In the case of ICSID arbitration, as the annulment procedure is not carried out by a national jurisdiction but undertaken by an ad hoc committee according to article 52 of the ICSID Convention, there cannot be interference by jurisdiction of Member States in the set aside of the arbitration award. Such committee is not bound by Achmea or by the CJEU’s interpretation on the validity of submission to arbitration of intra-EU disputes under article 26 of the ECT. This committee is only bound by applicable international law and may reach a different conclusion on the interaction of ICSID Convention, ECT, the Vienna Convention on the Law of Treaties and EU law.

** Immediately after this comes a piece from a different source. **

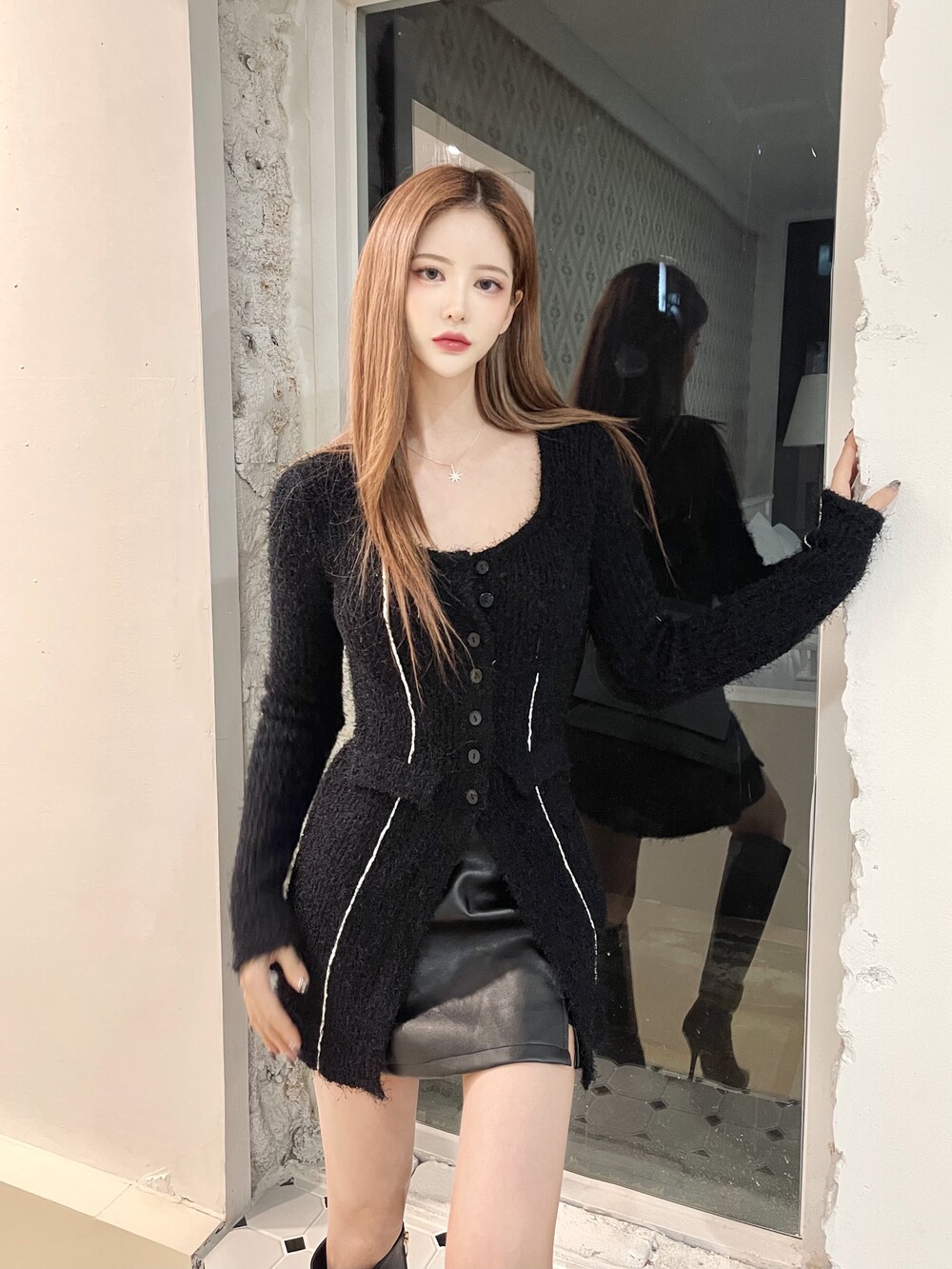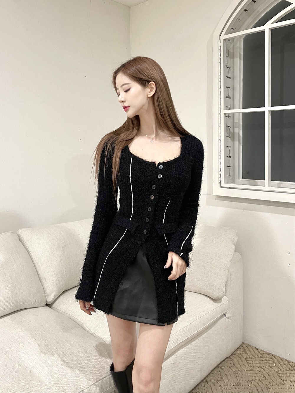 위 단추를 몇개 풀어 연출했을 때 더 예쁜 상품

If the intra-EU ECT award is confirmed by the ad hoc committee, EU Member States and the EU itself, having ratified the ECT, would be bound to ensure the effective enforcement of such ICSID arbitration award. Under article 26.8 of ECT, “The awards of arbitration, […], shall be final and binding upon the parties to the dispute. […] Each Contracting Party shall carry out without delay any such award and shall make provision for the effective enforcement in its Area of such awards”). Moreover, in accordance with article 54.1 of the ICSID Convention, “Each Contracting State shall recognize an award rendered pursuant to this Convention as binding and enforce the pecuniary obligations imposed by that award within its territories as if it were a final judgment of a court in that State”.

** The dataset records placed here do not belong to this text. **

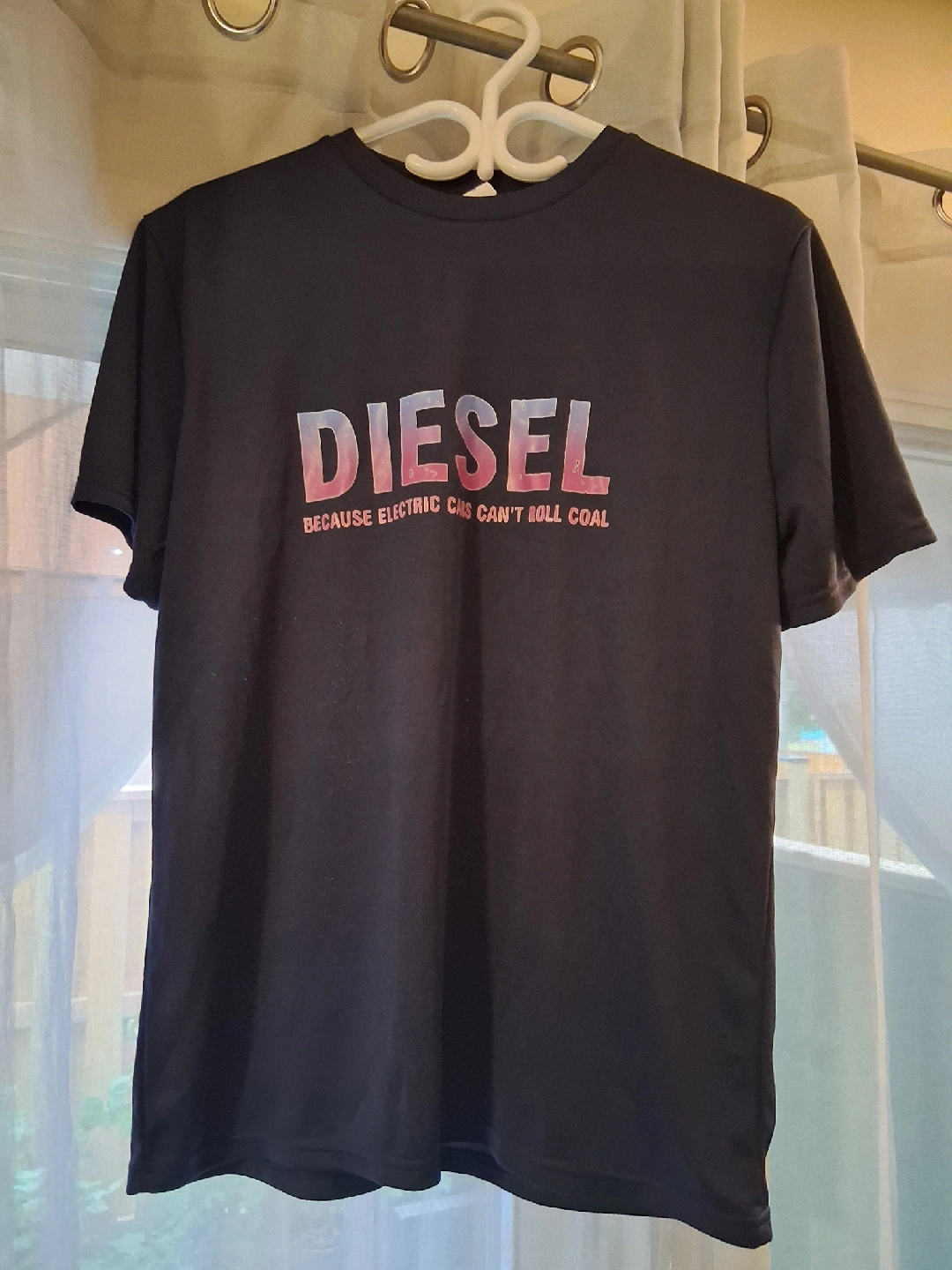 5Diesel T-shirt with the text 'DIESEL because electric cars can't roll coal' printed on the front
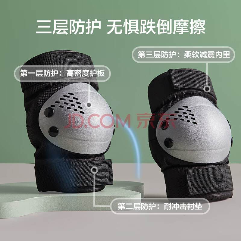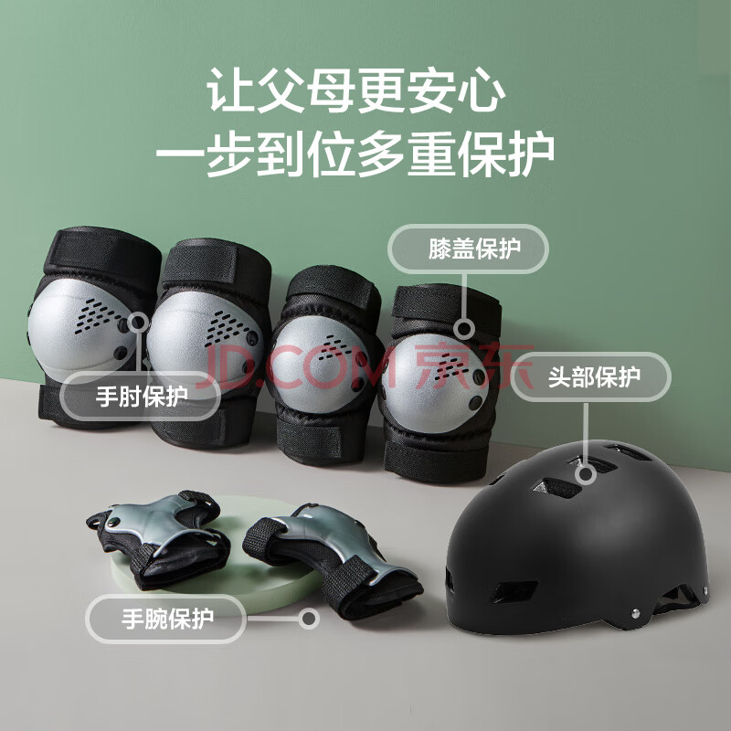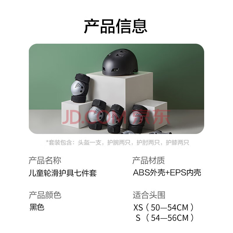 商品相册:京东京造儿童轮滑护具 头盔护膝护肘护掌 自行车滑板平衡车护具黑色XS第
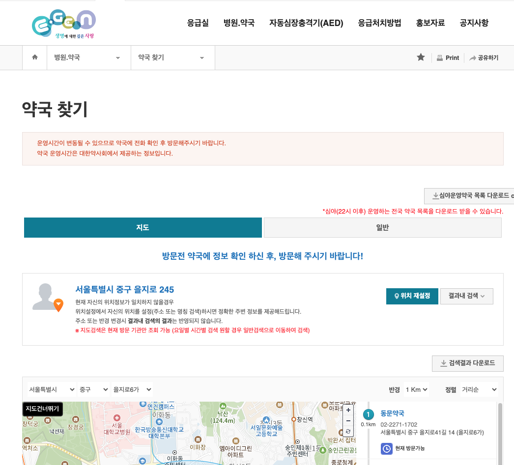 해당 사이트에서는 휴일에 진료하는 병원과 약국도 찾을 수 있고, 응급실 상황과 자동심장 충격기의 위치, 지역별 민간 구급차도 검색할 수 있으며, 응급상황 시에 대처 방법과 처치 방법도 나와있으니 필요하시면 반드시 확인하시기 바랍니다.
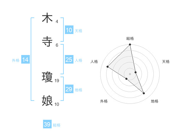 木寺 瓊娘さんの総格は39画の5点!
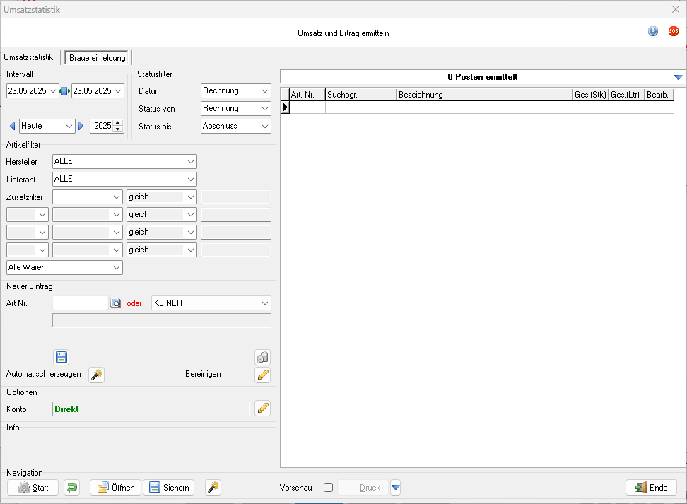 Um eine Brauereimeldung für den aktuellen Kunden zu erstellen, können Intervall- und Artikelfilter justiert und das Meldeintervall bestimmt werden. Das Meldeintervall wird in Abhängigkeit der letzten Brauereimeldung voreingestellt. Dabei wird der Folgetag des Endzeitraumes der letzten Meldung als Startwert, der heutige Tag als Endwert eingestellt. Das Intervall kann nach Wunsch angepasst werden. Sofern keine Waren von einem Hersteller im Lager sind, wird das Programm eine Fehlermeldung ausgeben.
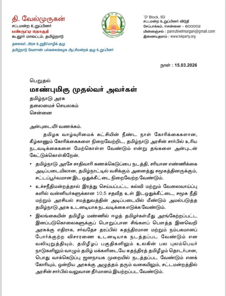 தமிழ்நாடு அரசே சாதிவாரி கணக்கெடுப்பை நடத்தி, சரியான எண்ணிக்கை அடிப்படையிலான, தமிழ்நாட்டில் வசிக்கும் அனைத்து சமூகத்தினருக்கும், சட்டப்பூர்வமான இட ஒதுக்கீட்டை நிறைவேற்ற வேண்டும்.

Any ICSID ECT arbitration award, even in disputes between EU Member States, has been recognised by those States as being enforceable, without need of further recognition and being equivalent to a court judgment. Following the criteria established by the ECtHR in the above case law, there seems to be sufficient grounds to consider that ICSID ECT arbitration awards are sufficiently established as enforceable and, therefore, the debt recognised in such awards is a possession that may benefit from the protection of Article 1 of Protocol I of the ECHR.

 

Review of interference with ICSID intra-EU ECT awards by the ECtHR

If, as we contend, ICSID intra-EU ECT arbitration awards are possessions protected by the ECHR, successful claimants in these awards could request enforcement in any EU Member State where assets of the defending Member State may be found. Failure to enforce such award based on Achmea or other arguments of EU law could be considered as an infringement of the human right to property of the claimant, who could file a claim and seek compensation before the ECtHR.

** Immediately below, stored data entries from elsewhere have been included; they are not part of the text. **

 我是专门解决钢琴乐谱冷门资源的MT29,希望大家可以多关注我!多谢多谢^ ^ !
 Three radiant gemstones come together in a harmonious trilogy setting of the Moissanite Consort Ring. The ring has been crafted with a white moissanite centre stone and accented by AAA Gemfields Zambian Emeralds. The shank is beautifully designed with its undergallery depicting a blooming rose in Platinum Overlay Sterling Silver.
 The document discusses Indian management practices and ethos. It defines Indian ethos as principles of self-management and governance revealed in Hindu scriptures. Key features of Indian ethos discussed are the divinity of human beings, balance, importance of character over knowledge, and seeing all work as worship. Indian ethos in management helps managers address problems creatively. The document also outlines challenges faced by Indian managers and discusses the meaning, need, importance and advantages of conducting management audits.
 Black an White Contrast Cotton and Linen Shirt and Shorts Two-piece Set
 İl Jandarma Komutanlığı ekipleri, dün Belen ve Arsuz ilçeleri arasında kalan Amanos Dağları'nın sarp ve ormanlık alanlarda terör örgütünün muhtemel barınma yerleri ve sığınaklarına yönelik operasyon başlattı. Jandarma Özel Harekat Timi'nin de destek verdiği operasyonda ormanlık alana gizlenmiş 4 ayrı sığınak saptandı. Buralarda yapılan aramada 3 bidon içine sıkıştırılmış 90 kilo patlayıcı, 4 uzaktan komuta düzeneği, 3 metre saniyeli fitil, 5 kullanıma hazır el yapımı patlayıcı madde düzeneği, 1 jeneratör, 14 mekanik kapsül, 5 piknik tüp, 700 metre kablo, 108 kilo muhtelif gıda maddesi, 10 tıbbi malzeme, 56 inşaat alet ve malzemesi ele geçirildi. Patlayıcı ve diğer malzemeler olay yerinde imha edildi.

Although is not free of encumbrances, including the requirement to exhaust all domestic remedies or sovereign immunity from execution, the Strasbourg venue could have certain advantages. The ECtHR is likely to be at least more neutral and cautious in the application of EU law over the international obligations voluntarily assumed in the ECT by EU Member States and the EU itself. It would be an opportunity for ECtHR to dispense poetic justice after the CJEU’s opinion against the accession of EU to the European Convention on Human Rights. This option would also be open to enforcement in certain non-EU countries, such as Switzerland or more recently the United Kingdom, that have ratified the ECHR. It would be arguable whether this option would be available in case of opposition by EU Member States to enforcement of ICSID awards in third States that have not ratified the ECHR.

 

Conclusion

These thoughts may be idle talk if the CJEU finally supports the validity of submission to arbitration of intra-EU disputes under article 26.4 of ECT, if ICSID ad hoc committees take a contrary view or if relevant States, such as the United States, Switzerland, the United Kingdom or Australia, recognise and enforce intra-EU ECT arbitration awards. Otherwise, a complaint before the ECtHR under article 1 of Protocol 1 of the ECHR could serve as a last bullet to attempt enforcement of intra-EU ECT awards within the EU. In any case, it seems important that the EU learns that the assumption of international powers over international trade, including investment arbitration, although desirable, comes with the inherent burden of international obligations and liability.